BBCSSO/Wigglesworth/Pioro/Gerhardt review – consummate artistry and a broken string
As the Aldeburgh festival celebrates its 75th year, its programming continues to invite curiosity and challenge assumptions in the best possible way.
Violinist Daniel Pioro, one of this year’s artists-in-residence, seems by nature to be an explorer, his imagination unconfined by boundaries. In his concert with the BBC Scottish Symphony Orchestra under the baton of Ryan Wigglesworth, Pioro’s approach to the Britten Violin Concerto was one of magnetic intensity. Music whose soul-searching and questioning betrays all the anguish of its 25-year-old composer – a conscientious objector exiled from Britain and facing the likelihood of war in Europe – carried a fresh authenticity. In his performance, the sense of living-in-the-moment risk-taking was always implicit, Pioro connecting anew with the composer and with his audience. Wigglesworth further ensured that the wonderful intricacies of the third movement Passacaglia – Britten’s first foray into the form that would become a signature – were tightly interwoven with Pioro, both conductor and violinist realising the aching sadness and the absence of any final resolution with the utmost reverence.
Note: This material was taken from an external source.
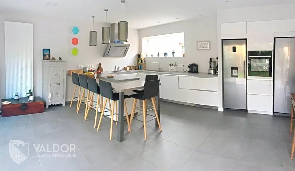 Le rez-de-chaussée propose une vaste pièce de vie lumineuse ouverte sur une cuisine équipée moderne, idéale pour les moments de convivialité. Un salon avec cheminée pour des moments de détente en hiver et une suite parentale complètent le rez de chaussé.

After a long silence came the tumultuous reception but, as though still communing with Britten, Pioro looked almost dazed before finally relaxing into a smile.
Related: BBCSSO/Wigglesworth/Pioro/Gerhardt review – consummate artistry and a broken string
In the second of the BBCSSO’s concerts, Alban Gerhardt, fellow artist-in-residence, was the soloist in the cello concerto written for him by Unsuk Chin, this year’s featured composer together with Judith Weir. Gerhardt’s artistry, his virtuosity in the frenetically skittering passagework, the ability to make his cello sing even in its very highest register – serene and lyrical in the third movement by contrast with the more confrontational feel of soloist v orchestra elsewhere – made this another compelling experience. But then came the heart-and-performance-stopping moment when a string broke. Gerhardt kept his cool and, in a matter of seconds, had borrowed the principal cellist’s instrument and continued, unassailable to the concerto’s extraordinary end, where the sound somehow dissipates into the air.
Consummate artistry indeed and well supported by Wigglesworth who, two years into his tenure as their chief conductor and with ever increasing authority and dignity, is achieving remarkable things with the BBCSSO. This was resoundingly proved in the two massive symphonies on successive nights: Mahler’s Fourth notable for its grace and a lightness of spirit – soprano Elizabeth Watts in the finale – while Bruckner’s Seventh had a natural grandeur, resplendent in the Maltings acoustic, but never grandiloquent. That same care had been lavished on Weir’s tone-poem Forest, a world so imbued with an element of fantasy as to make it a fine companion to Mahler.